--- Records for processing ---

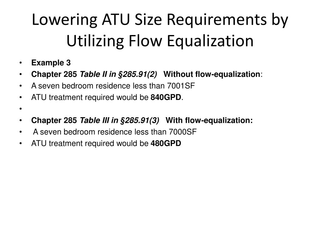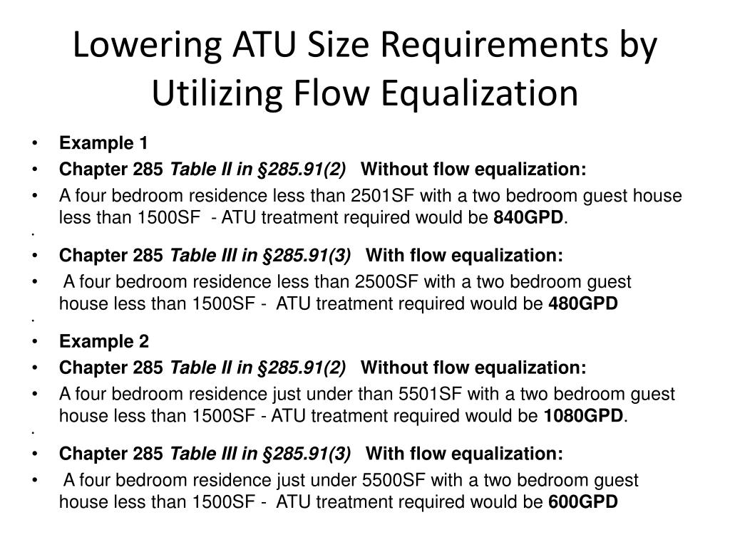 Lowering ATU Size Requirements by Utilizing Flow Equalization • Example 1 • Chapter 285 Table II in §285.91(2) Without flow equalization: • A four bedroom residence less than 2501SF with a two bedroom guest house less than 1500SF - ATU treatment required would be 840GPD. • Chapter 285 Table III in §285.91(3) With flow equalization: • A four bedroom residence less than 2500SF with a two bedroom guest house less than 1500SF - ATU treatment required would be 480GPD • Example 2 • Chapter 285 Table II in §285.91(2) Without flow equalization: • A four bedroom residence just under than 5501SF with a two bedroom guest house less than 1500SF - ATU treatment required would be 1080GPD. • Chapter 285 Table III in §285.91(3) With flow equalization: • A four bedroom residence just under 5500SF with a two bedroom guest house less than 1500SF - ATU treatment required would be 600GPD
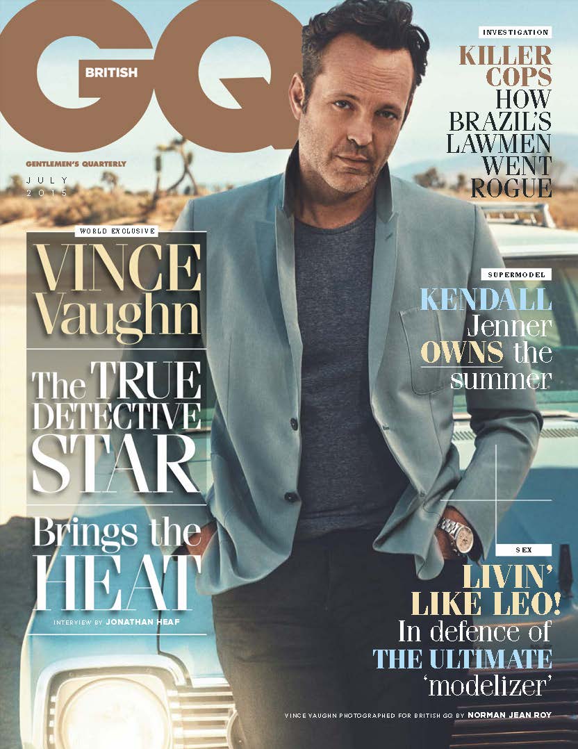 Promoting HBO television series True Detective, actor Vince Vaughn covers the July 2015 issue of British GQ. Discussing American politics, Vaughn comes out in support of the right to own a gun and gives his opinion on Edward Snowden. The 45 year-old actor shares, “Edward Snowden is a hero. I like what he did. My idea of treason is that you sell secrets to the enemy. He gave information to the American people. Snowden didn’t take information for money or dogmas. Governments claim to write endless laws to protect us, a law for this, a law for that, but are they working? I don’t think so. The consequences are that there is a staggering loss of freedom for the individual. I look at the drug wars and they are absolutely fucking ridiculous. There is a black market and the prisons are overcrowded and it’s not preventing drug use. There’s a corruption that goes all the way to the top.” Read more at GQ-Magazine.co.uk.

---
--- Records for processing ---

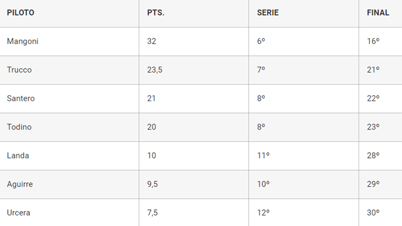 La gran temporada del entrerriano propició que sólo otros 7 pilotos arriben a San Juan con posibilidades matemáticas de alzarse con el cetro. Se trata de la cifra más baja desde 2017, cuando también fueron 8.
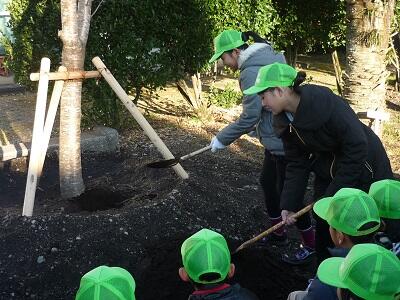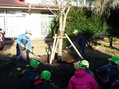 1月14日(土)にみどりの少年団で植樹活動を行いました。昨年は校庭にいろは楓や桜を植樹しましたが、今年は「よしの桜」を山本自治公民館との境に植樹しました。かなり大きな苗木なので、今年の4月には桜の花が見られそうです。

---

### Prompt
Copy the listing above exactly, but only from the line with "La gran temporada" through the line with "1月14日(土)にみどりの少", including those two lines and excluding any picture.

### Task answer
 La gran temporada del entrerriano propició que sólo otros 7 pilotos arriben a San Juan con posibilidades matemáticas de alzarse con el cetro. Se trata de la cifra más baja desde 2017, cuando también fueron 8.
 1月14日(土)にみどりの少年団で植樹活動を行いました。昨年は校庭にいろは楓や桜を植樹しましたが、今年は「よしの桜」を山本自治公民館との境に植樹しました。かなり大きな苗木なので、今年の4月には桜の花が見られそうです。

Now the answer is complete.